裴昭寧還是從殯儀館的行程記錄裡查到了地點。
她穿著黑色西裝,懷裡抱著兒子那幅重新裝裱過的全家福。
剛走到告別廳門口,聞知夏便攔住了她。
“你不能進去。”
“我是他妻子。”
“離婚協議已經簽了。”
“我沒有籤。”
聞知夏冷冷看著她。
“你籤不籤,他都不要你了。”
裴昭寧的目光越過他,看向告別廳。
裡面沒有裴家的花圈。
也沒有任何“裴先生”和“小少爺”的稱呼。
岑越衡的遺像旁,只寫著他自己的名字。
兒子的名字則是岑予安。
隨父姓。
裴昭寧臉色瞬間白了。
“他姓裴。”
“他到死都姓岑。”
聞知夏拿出後事委託書。
“越衡早就寫明,如果他和孩子出事,不許你參與後事。”
“孩子的名字、墓地和安葬方式,都由我處理。”
“他沒有權利剝奪我做母親的資格。”
“資格?”
聞知夏紅著眼笑了。
“他第一次手術,你在哪裡?”
“他七歲生日,你在哪裡?”
“他缺藥的時候,你在哪裡?”
“他死在醫院的時候,你又在哪裡?”
一句句質問落下,裴昭寧再也說不出話。
她從未真正做過母親。
如今卻想靠血緣搶一個名分。
告別廳裡響起低低的哭聲。
儀式即將開始。
裴昭寧伸手想推門。
聞知夏身後的幾名同學同時擋住她。
律師也走了過來。
“裴女士,請尊重委託人的遺願。”
“如果您強行闖入,我們只能報警。”
“我只想送他們最後一程。”
裴昭寧的聲音第一次帶上了哀求。
“我不進去。”
“讓我站在門口也可以。

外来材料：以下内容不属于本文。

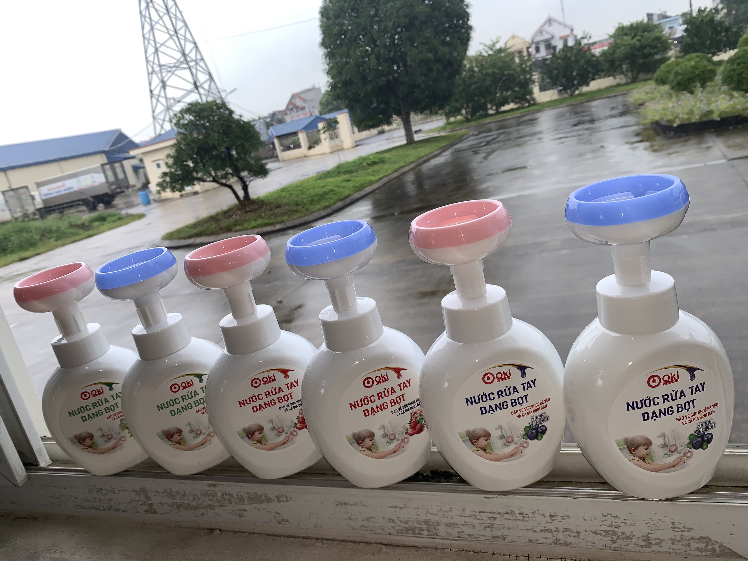 - KHÔNG phẩm màu Công Dụng: Có khả năng diệt được 99,99% vi khuẩn có hại và đồng thời kéo trôi đi các chất dơ bẩn trên tay. Bọt tuyết sử dụng tiết kiệm hơn tới 3 lần so với các sản phẩm thông thường khác nhờ thiết kế đặc biệt của bơm tạo bọt. Không chứa xà phòng, không chứa xút, độ PH cân bằng giúp bảo vệ làn da nhạy cảm nhất của bé. Mùi hương tự nhiên dịu nhẹ rất dễ chịu Đặc biệt có tính khử độc tốt, ngay cả khi vừa dùng xong vẫn có thể cầm nắm thức ăn, đồ dùng mà không gây độc. Tác dụng làm sạch và khử trùng da tay. An toàn cả với những làn da nhạy cảm nhất là khi dùng cho trẻ em. Cách Dùng : Nước rửa tay dạng bọt OKI Bước 1: Tháo khoá vòng trên cổ chai Bước 2: Đặt lòng bàn tay phẳng trên nắp. Nhấn 1 lần nhẹ nhàng từ trên xuống. Lưu ý: Giữ tay khô trước khi nhấn nắp Bước 3: Xoa đều tay cho tan hết bọt hoa Bước 4: Rửa sạch với nước. Quy cách đóng gói: chai Thể tích: 500g Hương Dâu Tây. Hạn sử dụng: 3 năm kể từ ngày sản xuất Chỉ cần lấy 1 lượng nước thích hợp ra tay và chà sát nhẹ nhàng Dùng cho cả gia đình, trẻ em dùng dưới sự giám sát của người lớn. Xuất xứ: Việt Nam Giá: 99k̵ --->75k / chai hình bông hoa, hình chân gấu 500g. (màu nắp ngẫu nhiên) Lưu ý:
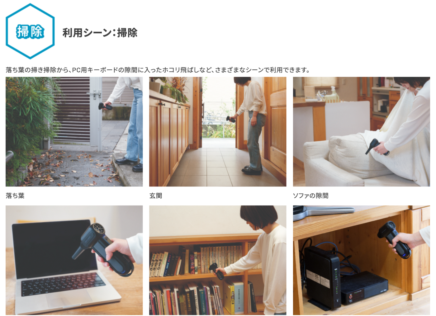 【お掃除】 キーボードの隙間や本棚のホコリ飛ばし、玄関掃除に。

”
聞知夏看著她,很久後才側開半步。
門沒有開啟。
她只能隔著磨砂玻璃,看見兩道模糊的遺像。
主持人說起岑越衡的一生。
沒有提裴家。
也沒有提那段持續七年的婚姻。
彷彿她從未存在過。
輪到家屬捧遺像時,聞知夏抱起岑越衡的照片。
一名護士抱起了岑予安的照片。
正是孩子去世那晚,一直陪在岑越衡身邊的人。
裴昭寧站在門外,懷裡的全家福突然掉落。
相框摔裂。
畫上的三個人被裂痕隔開。
她蹲下身去撿。
門內傳來主持人的聲音。
“請家屬作最後告別。”
裴昭寧抬起頭。
門依舊沒有為她開啟。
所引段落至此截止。